Science Note/ Spud Saboteur Turns Good
Air Date: Week of July 16, 2010
Guatemalan potato moth. (Photo: Katja Poveda)
The Guatemalan potato moth has long plagued tuber crops in South America. But as Living on Earth’s Amanda Martinez reports, scientists recently found that a compound in the moths’ saliva can actually more than double potato yields.
Transcript
YOUNG: It’s Living on Earth, I’m Jeff Young. Just ahead – the wide Sargasso Sea – is becoming a wide plastic pool… but first, this Note on Emerging Science from Amanda Martinez.
[THEME]
MARTINEZ: South American potato farmers may soon be able to double their yields. And all it took was a closer look at their biggest nemesis—the Guatemalan potato moth. A potato infested with moth larvae is not a pretty sight. The tiny, rust-colored caterpillars burrow their way through the tuber’s flesh, leaving a trail of brown rot in their wake.
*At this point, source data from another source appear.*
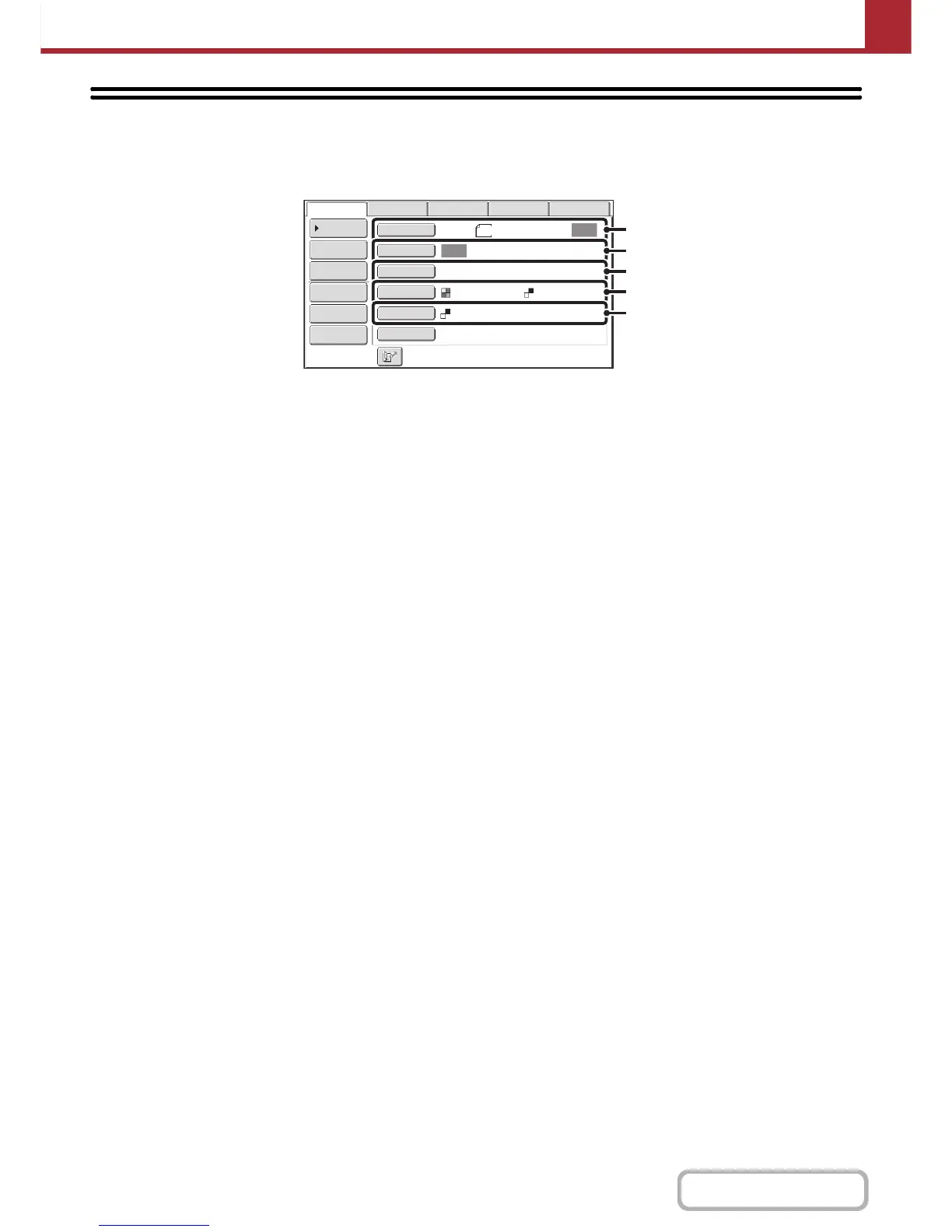 Settings for scanning the original are selected in the base screen of each mode. The current state of each setting
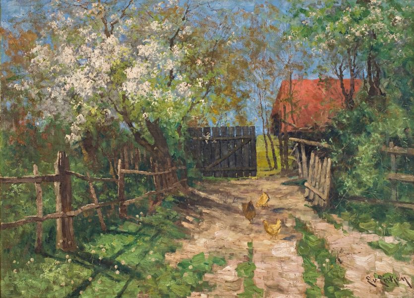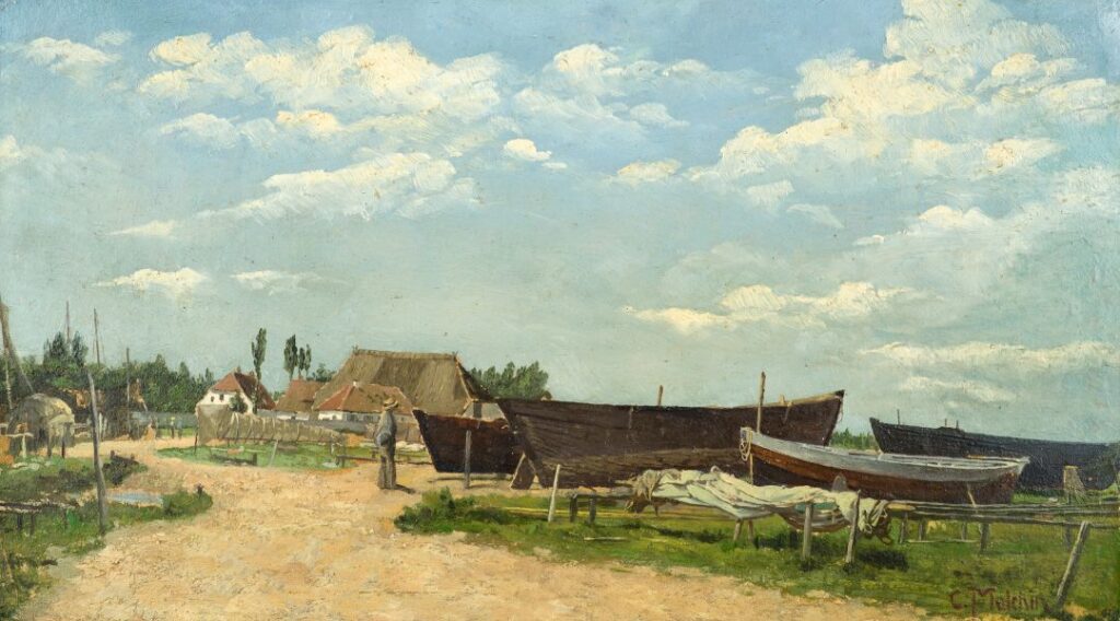 Das von der Natur geprägte, einfache Leben der Landbevölkerung und der Fischer in den Dörfern stand im Mittelpunkt der Kunst Malchins. Immer wieder überraschend ist die Fähigkeit des Künstlers, Wolkenhimmel zu gestalten, die die ganze Stimmung einer Tages- und Jahreszeit in unserem meeresnahen Landstrich in sich tragen.
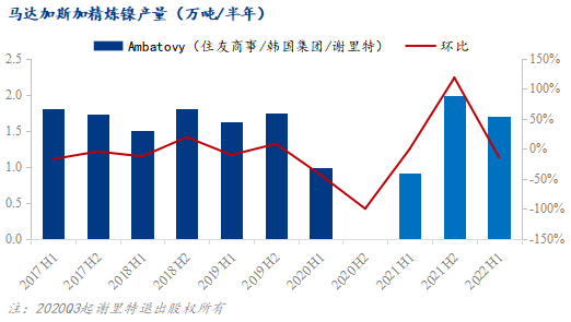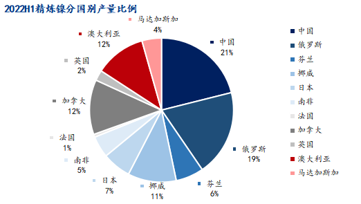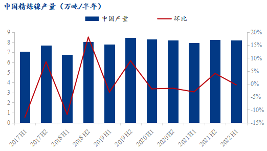 2022上半年,經歷地緣局勢沖突、鎳價巨幅波動、疫情持續、以及多家工廠設備檢修等事件,全球精煉鎳供應環比去年下半年有所減少,同比有小幅增漲。
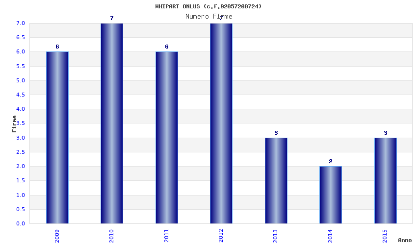 | Anno | Firme | Importi | Media | Naz. | Reg. | Prov. | Comu. |
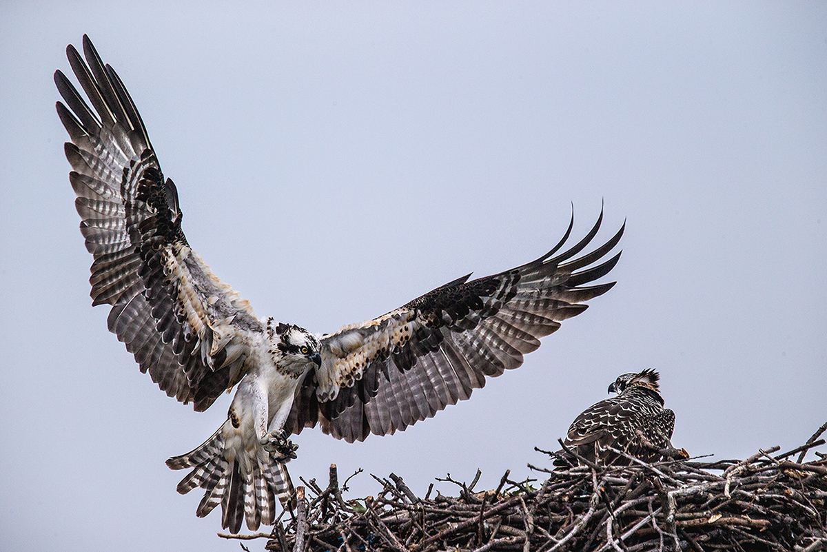 워싱턴의 물수리 어미가 날기 시범을 유조에게 보입니다
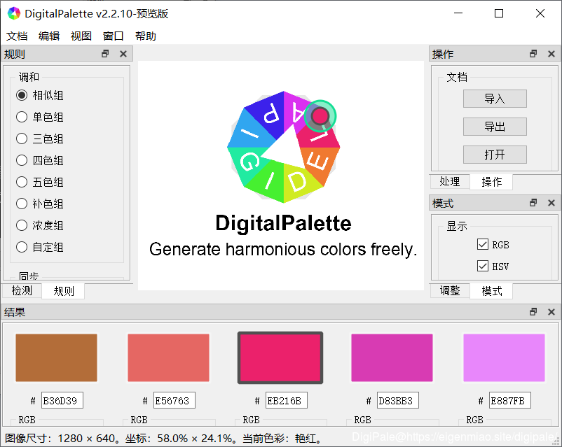 DigitalPalette 是一款免费开源软件,它可以帮助您从色彩转轮或者已有图像中生成一组符合一定调和规则的色彩,并应用到您的创作中。

But while the infested spud’s fate may be sealed, other uninfected potatoes on the same plant appear to grow much larger. Scientists at Cornell University believe the source of these super-spuds is the larvae’s saliva. Compounds in the saliva are thought to kick the plant’s photosynthesis into overdrive.
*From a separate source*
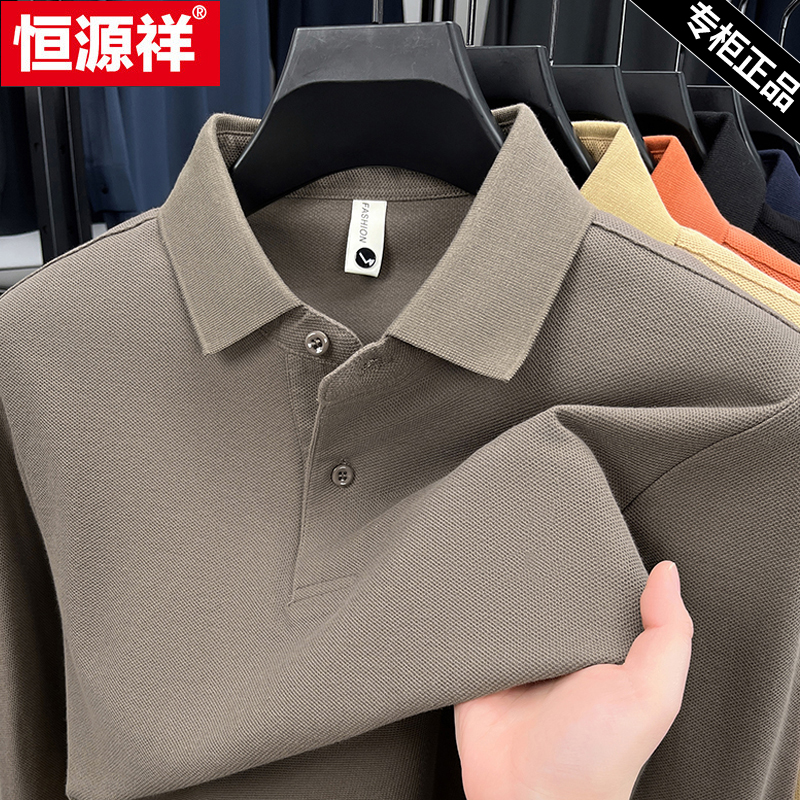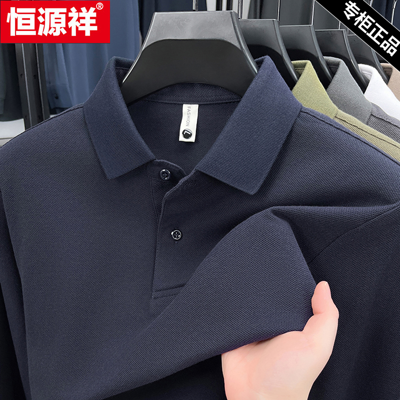 恒源祥高端纯棉长袖t恤男士商务休闲翻领打底polo衫宽松纯色上衣

The reason, researchers believe, is damage control. The infected plant sucks in additional carbon from the air, which causes it to produce more starch and bigger spuds. This, in turn, makes up for those tubers lost to the caterpillars’ voracious appetite. With an increase in yield of up to two-and-a-half times depending on how much of the plant is affected, farmers hopes are up. If the tuber-plumping compound can be isolated, farmers may soon be able to turn the potato-moth pest from a bane into a boon. And that’s this week’s Note on Emerging Science. I’m Amanda Martinez.